PROBLEM TO WORK ON> Return every record below exactly as given, images excluded.

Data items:
━━━━━━━━━━━━━━━━
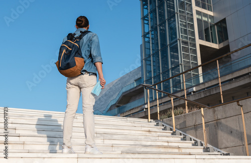 student, man, college, medicals, mask, people, pandemic, 1, street, face, backpack, day, travel, bag, epidemic, adult, campus, back, casual attire, blue, building, city, guy, education, distance, clothing, copy space, greece, lifestyle, low angle, safety, modern, new, person, protection, stylish, traveler, unhygienic, university, view, virus, sunglasses, holiday maker
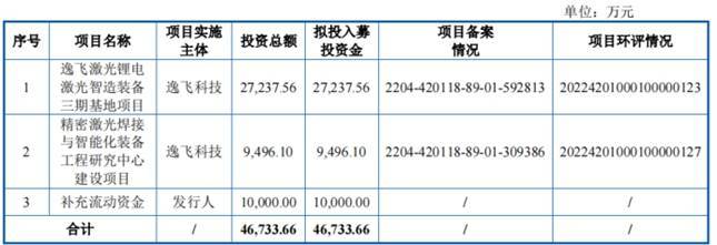 本次募資擬投入逸飛激光鋰電激光智造裝備三期基地項(xiàng)目、精密激光焊接與智能化裝備工程研究中心建設(shè)項(xiàng)目及補(bǔ)充流動(dòng)資金。
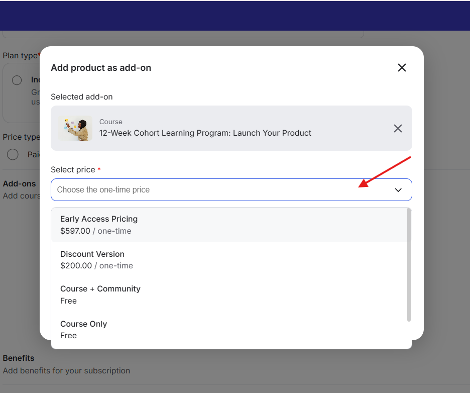 1) Go to the Subscription Plan or the Pricing option of the course or library resource where the add-on is attached.
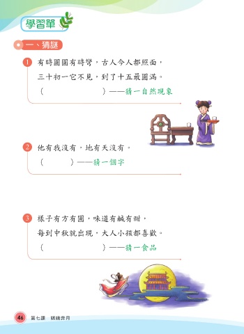 學習單 一、猜謎 1 有時圓圓有時彎,古人今人都照面, 三十初一它不見,到了十五最圓滿。 ( )——猜一自然現象 2 他有我沒有,地有天沒有。 ( )——猜一個字 3 樣子有方有圓,味道有鹹有甜, 每到中秋就出現,大人小孩都喜歡。 ( )——猜一食品 46 第七課 嫦娥奔月
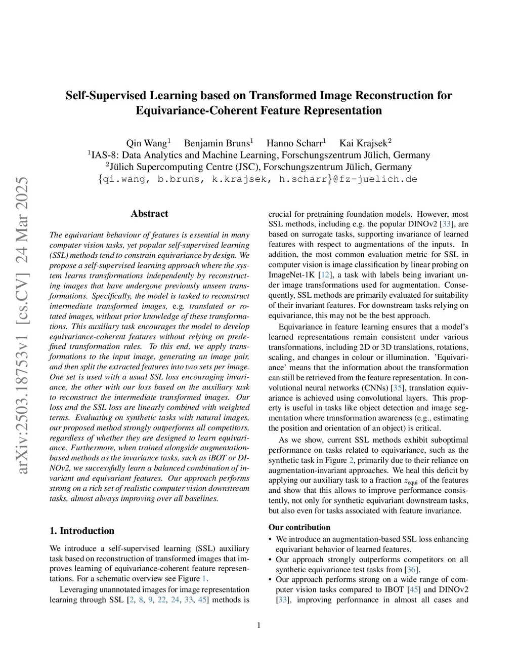 Self-Supervised Learning Based on Transformed Image Reconstruction for Equivariance-Coherent Feature Representation
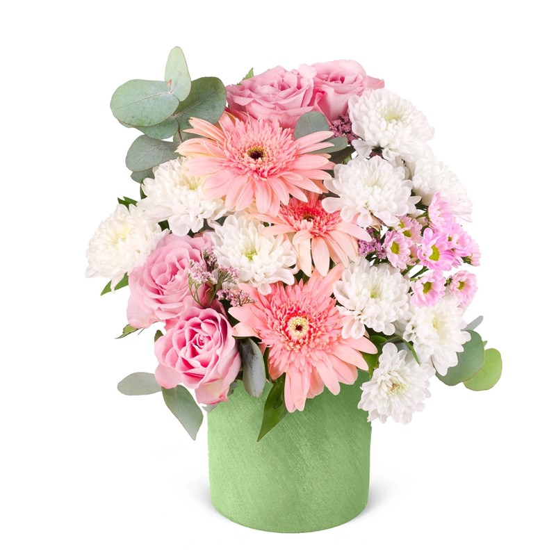 Romantik pembe tonlarının hakim olduğu bu 25-30 cm boyutundaki aranjman, pembe gerbera, lila gül ve beyaz krizantemlerin zarif birleşimiyle İstanbul Çiçekleri tarafından özenle hazırlanmıştır. Modern beyaz saksı içerisinde sunulan bu şık tasarım, özel günlerde sevdiklerinize hediye edebileceğiniz en zarif seçeneklerden biridir. Aynı gün teslimat avantajıyla sipariş verin, şıklığı kapınıza getirelim!
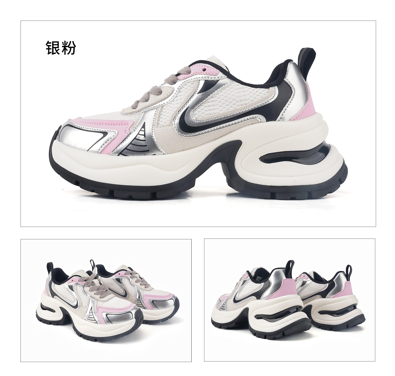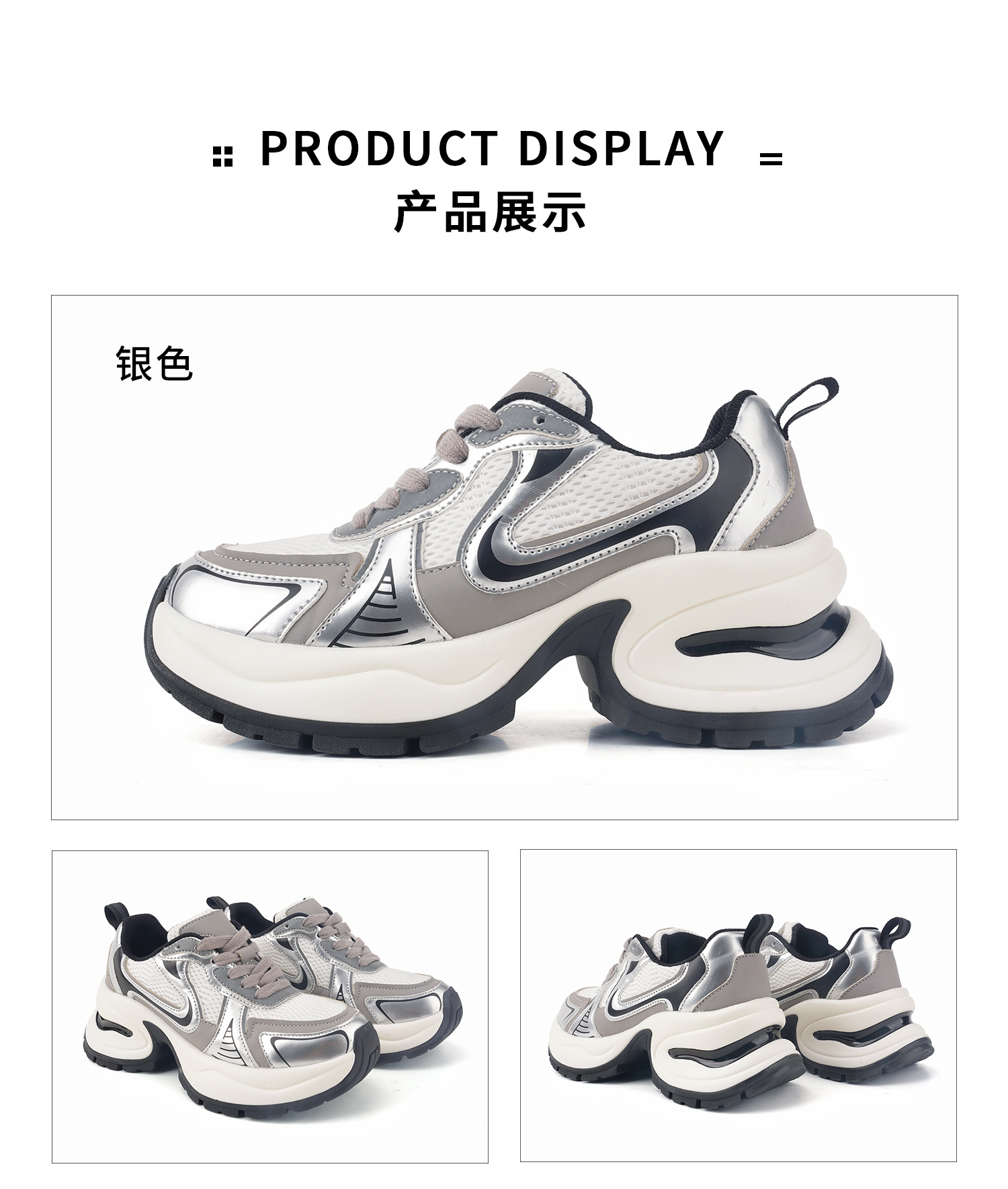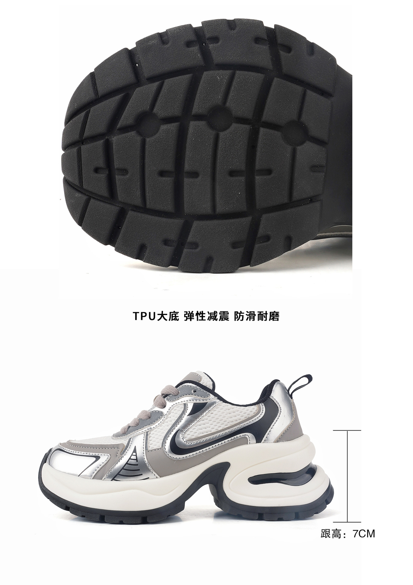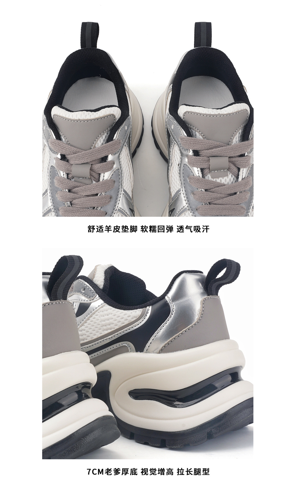 실버 가죽 두툼한 아빠 구두 여성도 키 높이 7 센티미터 스포티한 스니커즈
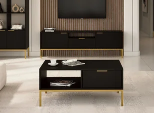 Stolik kawowy z półką i szufladami SKIEN 80 cm czarny & złoty
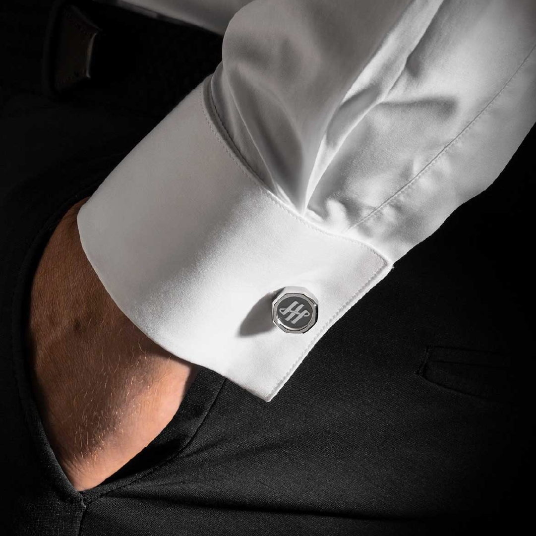 Mancornas Otto octogonales acero chapado paladio y cristal de zafiro
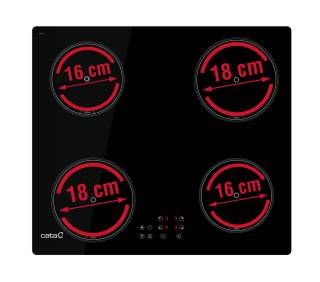 4 Indukciós főzőzóna, MACH2 indukciós technológia, Touch Control érintővezérlés, 9 fokozat, 2 db 18cm-es, 2 db 16 cm-es főzőzóna, minden főzőzóna BOOSTER funkcióval, gyerekzár, időzítő, maradékhő kijelzés, Quick-Fix system, teljesítmény: 7 kW
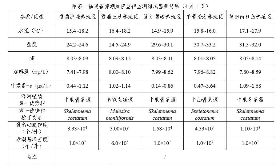 4月1日,对福鼎沙埕、霞浦三沙、连江黄岐、平潭沿海、莆田南日岛等5个重点养殖区开展赤潮加密监测,共设置监测站点24个,监测指标包括水温、盐度、pH、溶解氧、叶绿素-a以及浮游植物优势种等,监测预警结果如下:
━━━━━━━━━━━━━━━━
EXERCISE ANSWER>
 student, man, college, medicals, mask, people, pandemic, 1, street, face, backpack, day, travel, bag, epidemic, adult, campus, back, casual attire, blue, building, city, guy, education, distance, clothing, copy space, greece, lifestyle, low angle, safety, modern, new, person, protection, stylish, traveler, unhygienic, university, view, virus, sunglasses, holiday maker
 本次募資擬投入逸飛激光鋰電激光智造裝備三期基地項(xiàng)目、精密激光焊接與智能化裝備工程研究中心建設(shè)項(xiàng)目及補(bǔ)充流動(dòng)資金。
 1) Go to the Subscription Plan or the Pricing option of the course or library resource where the add-on is attached.
 學習單 一、猜謎 1 有時圓圓有時彎,古人今人都照面, 三十初一它不見,到了十五最圓滿。 ( )——猜一自然現象 2 他有我沒有,地有天沒有。 ( )——猜一個字 3 樣子有方有圓,味道有鹹有甜, 每到中秋就出現,大人小孩都喜歡。 ( )——猜一食品 46 第七課 嫦娥奔月
 Self-Supervised Learning Based on Transformed Image Reconstruction for Equivariance-Coherent Feature Representation
 Romantik pembe tonlarının hakim olduğu bu 25-30 cm boyutundaki aranjman, pembe gerbera, lila gül ve beyaz krizantemlerin zarif birleşimiyle İstanbul Çiçekleri tarafından özenle hazırlanmıştır. Modern beyaz saksı içerisinde sunulan bu şık tasarım, özel günlerde sevdiklerinize hediye edebileceğiniz en zarif seçeneklerden biridir. Aynı gün teslimat avantajıyla sipariş verin, şıklığı kapınıza getirelim!
 실버 가죽 두툼한 아빠 구두 여성도 키 높이 7 센티미터 스포티한 스니커즈
 Stolik kawowy z półką i szufladami SKIEN 80 cm czarny & złoty
 Mancornas Otto octogonales acero chapado paladio y cristal de zafiro
 4 Indukciós főzőzóna, MACH2 indukciós technológia, Touch Control érintővezérlés, 9 fokozat, 2 db 18cm-es, 2 db 16 cm-es főzőzóna, minden főzőzóna BOOSTER funkcióval, gyerekzár, időzítő, maradékhő kijelzés, Quick-Fix system, teljesítmény: 7 kW
 4月1日,对福鼎沙埕、霞浦三沙、连江黄岐、平潭沿海、莆田南日岛等5个重点养殖区开展赤潮加密监测,共设置监测站点24个,监测指标包括水温、盐度、pH、溶解氧、叶绿素-a以及浮游植物优势种等,监测预警结果如下:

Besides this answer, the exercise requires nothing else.